Mówiąc, że należy spodziewać się ciężkich grzmotów, nie chodzi nam tylko o kategorię wagową. Obaj panowie mają niezwykle wysoką skuteczność kończenia walk przed czasem (Blaydes zakończył przez nokaut 10 z 14 swoich zwycięstw, Rozenstruik 10 z 11), a i do parteru nie garną się zbyt mocno. O ile trudno stwierdzić, kto z nich będzie górą, o tyle stwierdzenie, że walka skończy się przed czasem zdaje się być raczej oczywiste.

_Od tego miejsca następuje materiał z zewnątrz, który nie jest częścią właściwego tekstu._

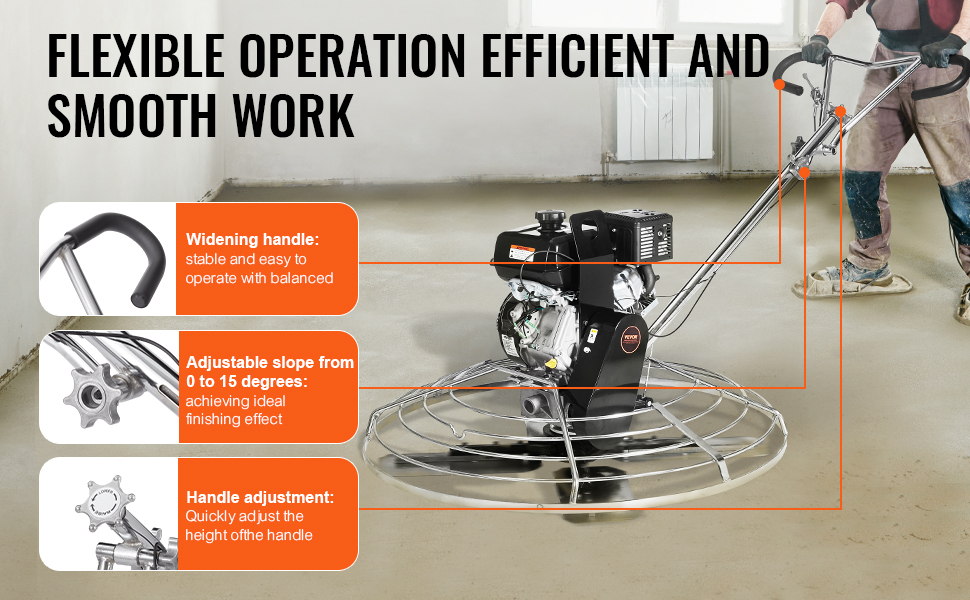 - 0-28° Blade Pitch: Adjust freely for your desired finish, from matte to sparkling concrete surfaces. Achieve subtle mattes, gentle shines, or dazzling concrete slurries with ease.

Karta jest na tyle mocna, że do karty wstępnej wypadł pojedynek Shamila Abdurachimowa (#7 wagi ciężkiej) z Chrisem Daukausem (nr 10) czy Marlona Moraesa (nr 6 koguciej) z Merabem Dwaliszwilim (nr 11), które normalnie znalazłyby swoje miejsce niemalże na każdej karcie głównej. Warto więc patrzeć w stronę Las Vegas już przed początkiem najważniejszych walk, a ostatecznie emocji, również tych mistrzowskich, powinno być niezwykle dużo.